Freed hostage learned fate of family day before release, survived on love, wife says
The families of two hostages released from captivity in Gaza over the weekend gave updates Sunday on their freed loved ones in a press conference at Sheba Medical Center, where they are being cared for following their return to Israel.
Released hostage Sagui Dekel-Chen was able to survive nearly 500 days in captivity without knowing the fate of his family, with only love keeping him going, his wife said, while the mother of former hostage Sasha Troufanov called it a “miracle” that her son could walk, despite having been shot in both legs.
Dekel-Chen and Troufanov were abducted from their homes on Kibbutz Nir Oz, during the October 7, 2023, Hamas-led massive assault on southern Israel, in which some 1,200 people were murdered and 251 seized as hostages, triggering the war. They were set free on Saturday, along with Iair Horn, who was also abducted from Nir Oz.
Sagui’s wife, Avital Dekel-Chen, said in a tremulous statement that the love of her life, the father of her children, had come home to them.
She shared that her husband had not known what had happened to his family on October 7 until the day before he was released.

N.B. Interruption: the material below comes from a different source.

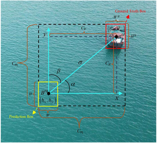 The above four cost parameters determine the main functions of SIoU and are re-defined by SIoU. The parameter relationship of SIoU is shown in Figure 8. The definitions of the various parameters are as follows: First, for the angle cost , its definitions are shown in Equations (16)–(19):
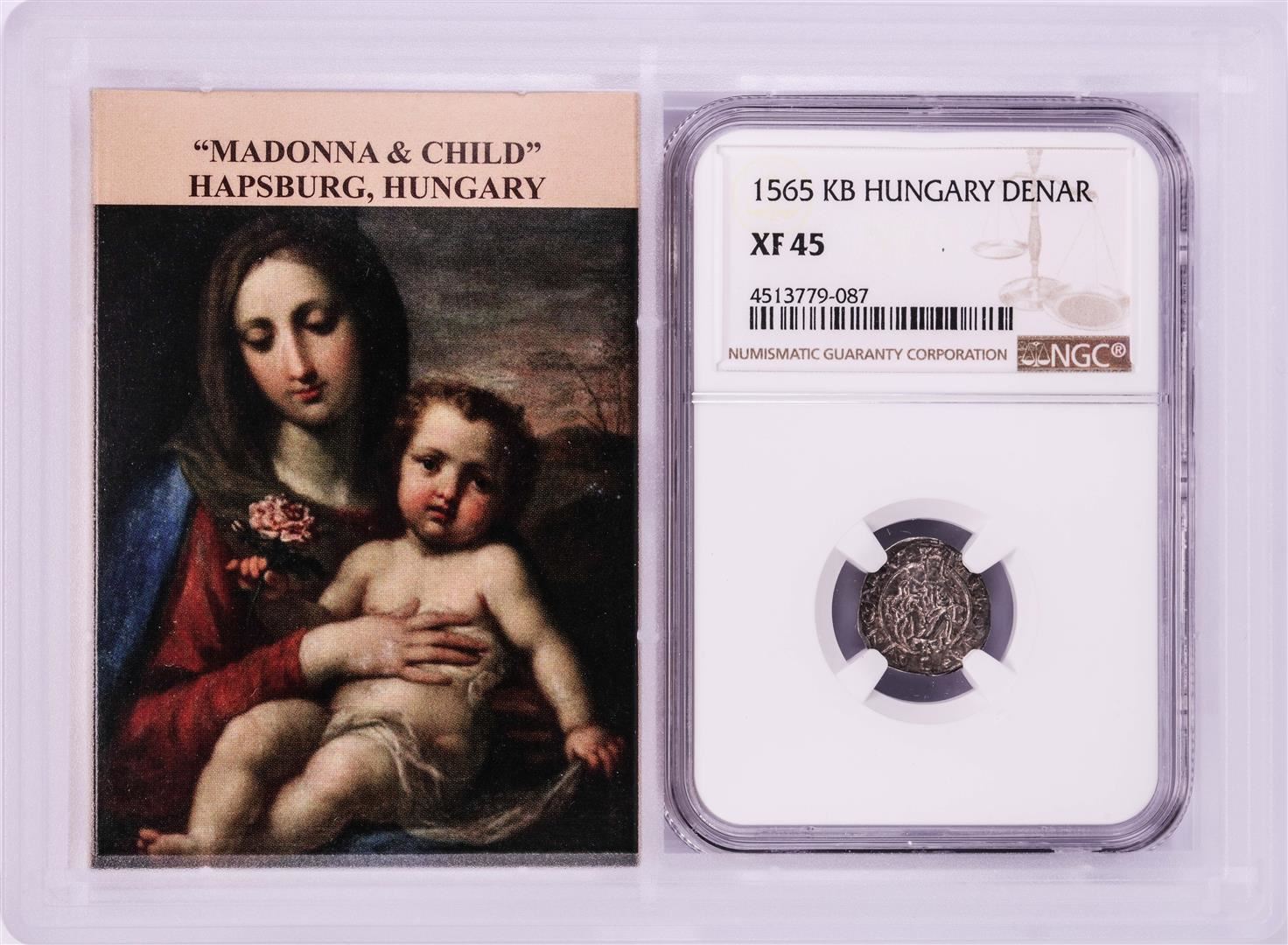 One 1565 KB Hungary Denar 'Madonna and Child' Coin NGC XF45 w/ Story Box. NGC Certified.

“That’s when he found out that we were alive,” she said. “How did he manage to survive? Love.”
On the day of the Hamas attack, Avital was heavily pregnant. Along with her two young daughters, she survived the massacre in Nir Oz. The couple’s third daughter, Shachar Mazal, was born two months later and celebrated her first birthday in December without having met her father.
(Sagui’s mother, Neomit, was taken captive along with her neighbors in an electric cart that was headed toward Gaza when an IDF helicopter shot at the terrorists and driver. Neomit, injured, made her way back toward the kibbutz and was eventually rescued and evacuated.)
During the long months that Dekel-Chen, 36, was held prisoner, Avital recalled on Sunday, “I said that if there’s anything that can overcome this, it is the love and connection that Sagui and I have.”
But alongside the joy she felt at his release, she also “couldn’t help but think of all of the other children who are still waiting for their fathers to come home.”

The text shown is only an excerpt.